**SUPPLIED MATERIAL**
┄┄┄┄┄┄┄┄┄┄┄┄┄┄┄┄┄┄┄┄

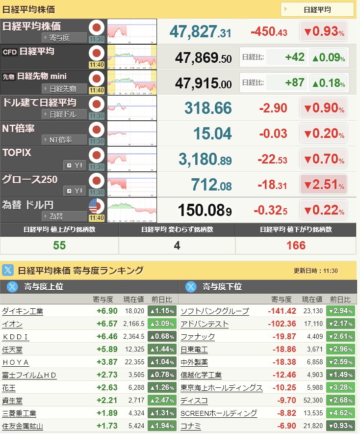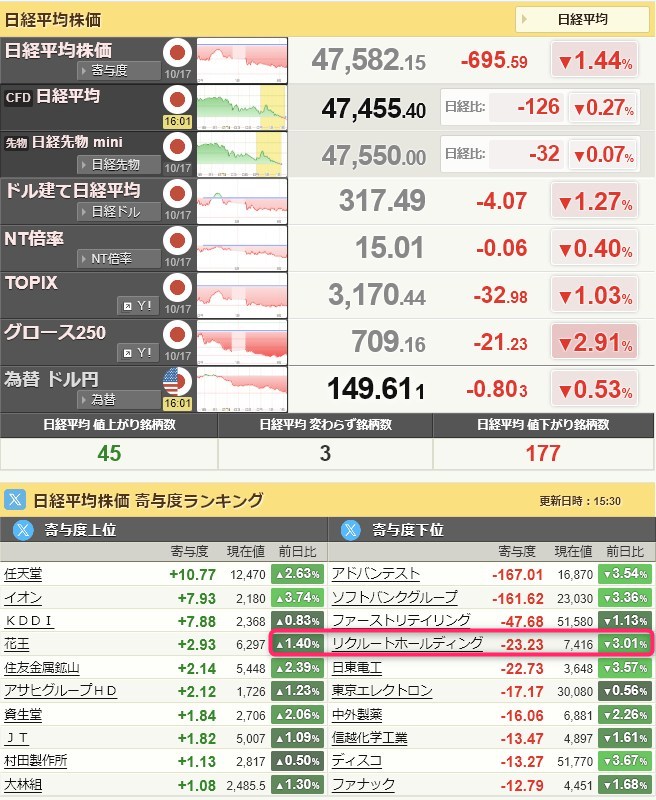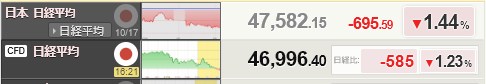 日経平均47,582.15-695.59-1.44%[15:45]米ドル/円149.43-0.99-0.66%[16:20]
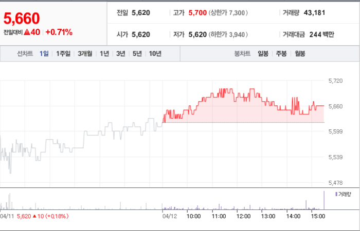 디와이의 현재 주가는 5,660원이며 전일 대비 -4.39원의 변동을 보이고 있습니다. 주주현황을 살펴보면 조병호(외 4인)이 지분의 36.90%를 소유하고 있습니다. 디와이는 기계 기업으로, 현재 주가는 5,660원이며 시가 총액은 1490억 원입니다. 발행 주식수는 26,319,633주이며, 외국인 보유 비중은 3.55%입니다. 장중 거래량은 43,383주를 기록했습니다. 또한, 디와이는 매출액으로 11,912억 원을 달성했습니다.
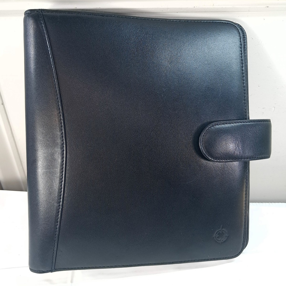 Leather Binder. Includes some inserts as shown. Some wear/marks as shown. Overall very good condition. Clean and ready for use!
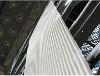 まず、外観のダイナミックなシェイプは、〈 クライアント会社の勢い 〉をアピールしていますが、〈 株価のダイナミズム 〉というイメージとも共鳴させています。 たまたま両側の隣接ビルが茶系タイルのシックな外観をしているということで、外装ルーバーのホワイト色を微妙に黄帯させてなじませています。 またルーバーの前面側の角をまるく面取りして、歩行者の眼線にやさしい視覚的触感をあたえています。 また、夜間のライトアップは、あえて均質的なものを避けて、周囲の夜景の雑多な光に呼応するようなかたちにしました。

┄┄┄┄┄┄┄┄┄┄┄┄┄┄┄┄┄┄┄┄

**GOAL OF THE EXERCISE**
Only these lines belong in the answer: the first line of the listing above through the line holding "Leather Binder. Includes", printed exactly and without pictures.

**YOUR SOLUTION**
 日経平均47,582.15-695.59-1.44%[15:45]米ドル/円149.43-0.99-0.66%[16:20]
 디와이의 현재 주가는 5,660원이며 전일 대비 -4.39원의 변동을 보이고 있습니다. 주주현황을 살펴보면 조병호(외 4인)이 지분의 36.90%를 소유하고 있습니다. 디와이는 기계 기업으로, 현재 주가는 5,660원이며 시가 총액은 1490억 원입니다. 발행 주식수는 26,319,633주이며, 외국인 보유 비중은 3.55%입니다. 장중 거래량은 43,383주를 기록했습니다. 또한, 디와이는 매출액으로 11,912억 원을 달성했습니다.
 Leather Binder. Includes some inserts as shown. Some wear/marks as shown. Overall very good condition. Clean and ready for use!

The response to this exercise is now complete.